Martinsson no se movió.
—El que llamó sabía quién era la víctima.
Wallander juzgó por la cara de Martinsson que debía preocuparse por lo que seguiría a continuación.
—Dijo que era Wetterstedt. El ex ministro de Justicia.
Wallander miró insistentemente a Martinsson.
—¿Qué?
—Afirmó que era Gustaf Wetterstedt, el ex ministro de Justicia. Añadió algo más. Dijo que parecía que le hubieran cortado la cabellera.
Se miraron interrogativamente.
Eran las cinco menos dos minutos del miércoles 22 de junio.
Cuando llegaron a la playa, la lluvia había arreciado. Wallander había estado esperando mientras Martinsson entraba a buscar su chaqueta. Durante el viaje en coche hablaron muy poco. Martinsson le indicó el trayecto. Torcieron por un camino estrecho pasadas las pistas de tenis. Wallander se preguntaba qué le esperaba. Lo que menos deseaba, había ocurrido. Si lo que había dicho el hombre que llamó a la comisaría resultaba cierto, sus vacaciones peligraban, de eso estaba seguro. Hansson insistiría en que las aplazara y él finalmente cedería. Lo que había esperado, que su escritorio quedase libre de asuntos pesados a finales de junio, no ocurriría.
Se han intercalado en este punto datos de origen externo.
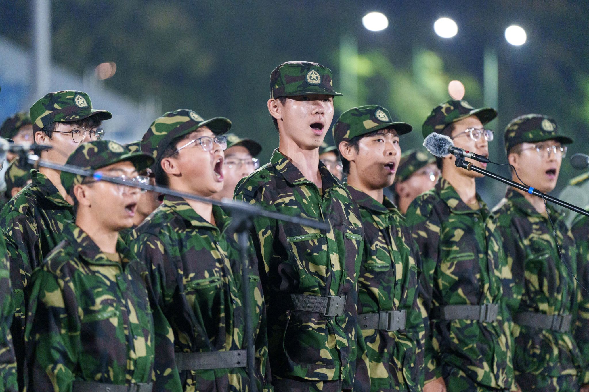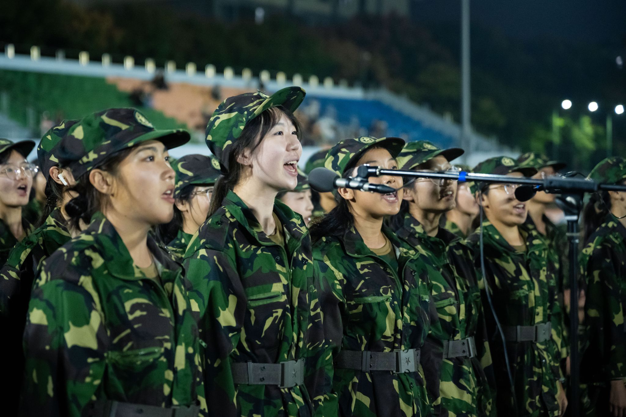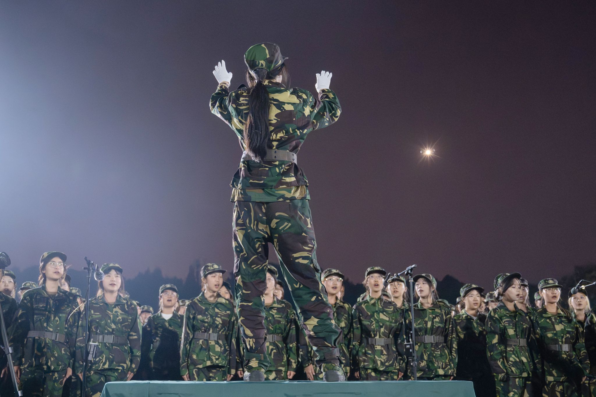 随后,各团营教导员代表共同唱响《我的祖国》。“一条大河波浪宽,风吹稻花香两岸”,熟悉的旋律响起,瞬间引发全场共鸣。教导员们的演唱温情而有力,既传递出对祖国大好河山的热爱,也践行着 “三全育人、五育融通、师生融乐、全面发展” 的育人理念,让同学们在歌声中感受祖国大好河山的波澜壮阔和真挚质朴的家国情怀,并立志坚定“与祖国同行、为人民奉献”,在强国复兴的道路上挺膺担当。

Vieron las dunas de arena delante de ellos y se detuvieron. Un hombre, que debía de estar esperándolos y oyó el coche, fue a su encuentro. Wallander se sorprendió de que no aparentase más de treinta años. Si fuese Wetterstedt el muerto, este hombre no tendría más de diez años cuando aquél dimitió como ministro de justicia y desapareció del recuerdo de la gente. El propio Wallander era un joven asistente de policía cuando ocurrió. En el coche había intentado recordar la cara de Wetterstedt. Llevaba el pelo corto y gafas sin montura. Wallander recordaba vagamente su voz. Una voz estridente, siempre seguro de sí mismo, sin admitir nunca un error. Así le pareció recordarlo.